[Start of section]

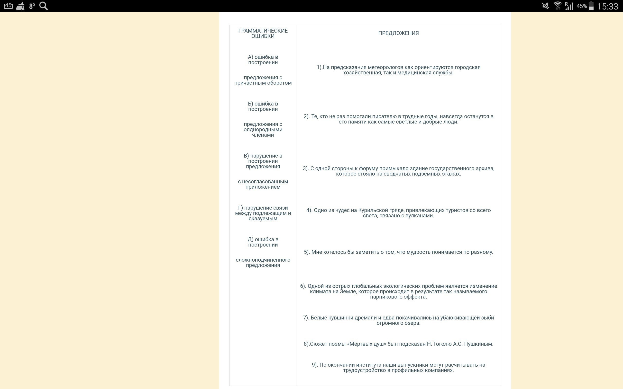 Установите соответствие между грамматическими ошибками и предложениями, в которых они допущены: к каждой позиции первого столбца подберите соответствующую позицию из второго столбца.
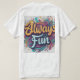 Fun géométriqueUn t-shirt audacieux et élégant avec l'expression "toujours amusant" dans des couleurs contrastées contre un arrière - plan motif géométrique.
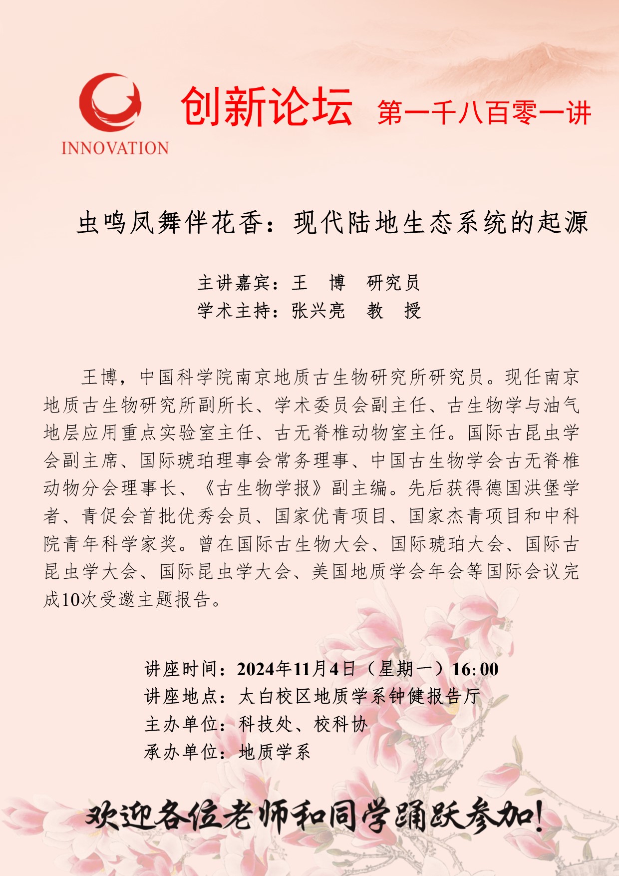 王 博 研究员 宝威体育官网首页创新论坛第一千八百零一讲:虫鸣凤舞伴花香:现代陆地生态系统的起源 讲座时间 2024年11月4日(星期一)16:00 讲座地点 太白校区地质学系钟健报告厅 讲座人介绍 王 博 研究员 讲座内容
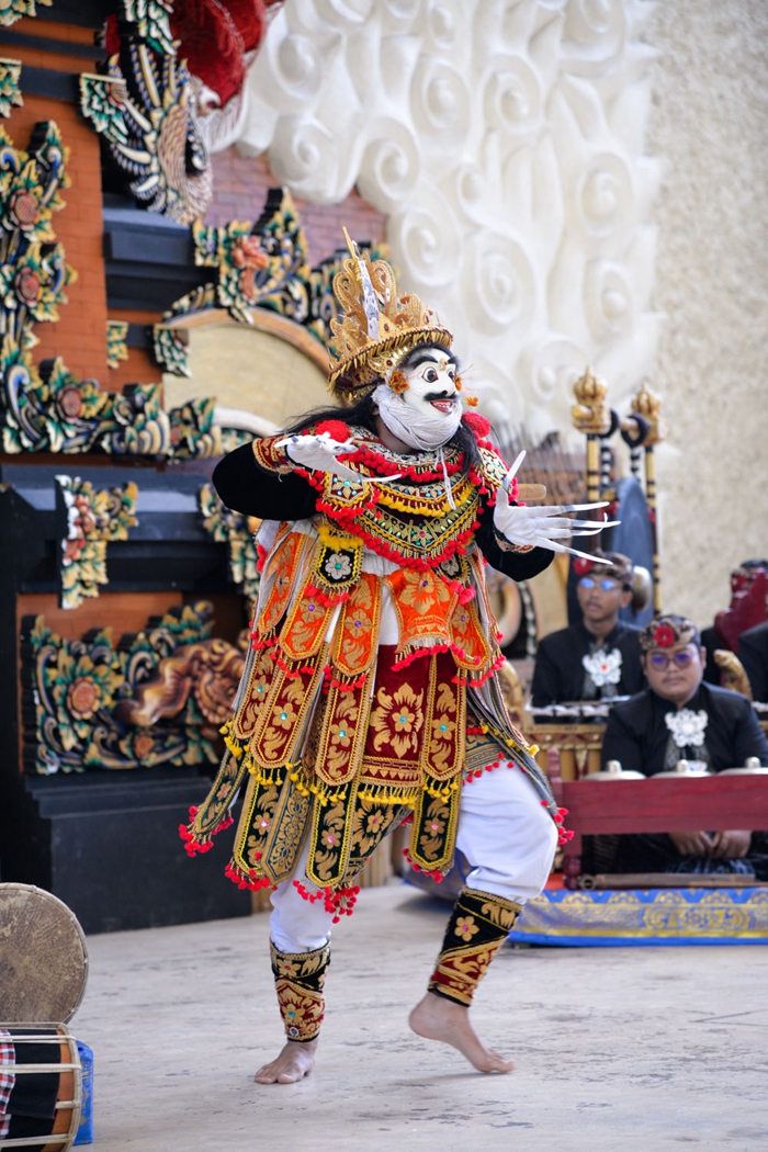 2022年7月10日,舞者在印度尼西亚巴厘岛一处文化公园表演传统舞蹈面具舞。新华社记者 徐钦 摄
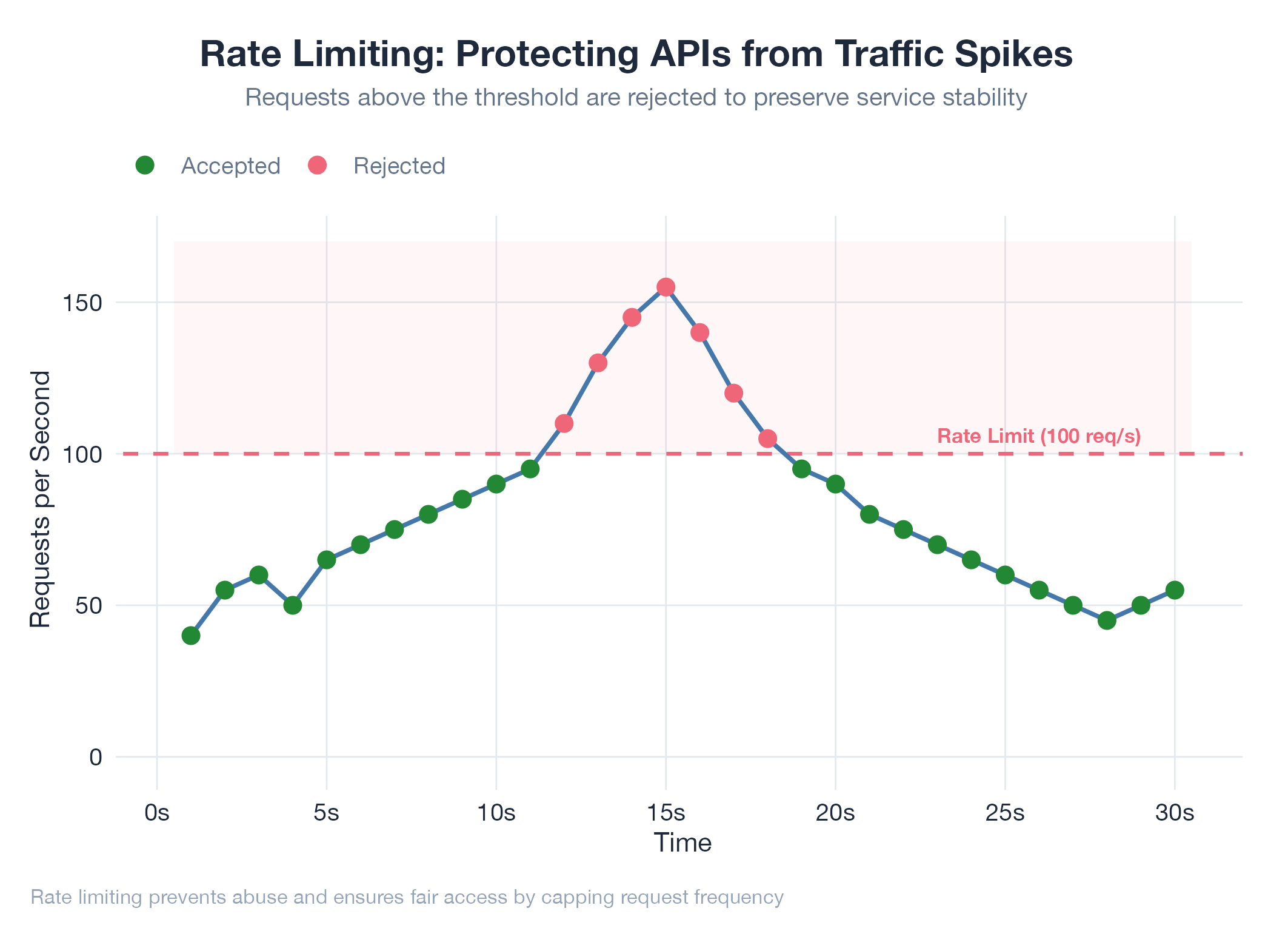Rate limiting controls how many requests a client can make in a given time window : the bouncer that matches traffic to server capacity. Hit the limit and you get a 429 Too Many Requests response with a Retry-After header. Common strategies: fixed window (100 req/min, simple but bursty), sliding window (smooths burst abuse), and token bucket (allows burst up to bucket size while enforcing an average rate). Limits can apply per user, per API key, per IP, or per endpoint. Premium tiers typically get higher limits.

[End of section]

### [Your assignment]
Each entry above should be printed again word for word, with any picture dropped.

### [Solution below]
 Установите соответствие между грамматическими ошибками и предложениями, в которых они допущены: к каждой позиции первого столбца подберите соответствующую позицию из второго столбца.
 Fun géométriqueUn t-shirt audacieux et élégant avec l'expression "toujours amusant" dans des couleurs contrastées contre un arrière - plan motif géométrique.
 王 博 研究员 宝威体育官网首页创新论坛第一千八百零一讲:虫鸣凤舞伴花香:现代陆地生态系统的起源 讲座时间 2024年11月4日(星期一)16:00 讲座地点 太白校区地质学系钟健报告厅 讲座人介绍 王 博 研究员 讲座内容
 2022年7月10日,舞者在印度尼西亚巴厘岛一处文化公园表演传统舞蹈面具舞。新华社记者 徐钦 摄
Rate limiting controls how many requests a client can make in a given time window : the bouncer that matches traffic to server capacity. Hit the limit and you get a 429 Too Many Requests response with a Retry-After header. Common strategies: fixed window (100 req/min, simple but bursty), sliding window (smooths burst abuse), and token bucket (allows burst up to bucket size while enforcing an average rate). Limits can apply per user, per API key, per IP, or per endpoint. Premium tiers typically get higher limits.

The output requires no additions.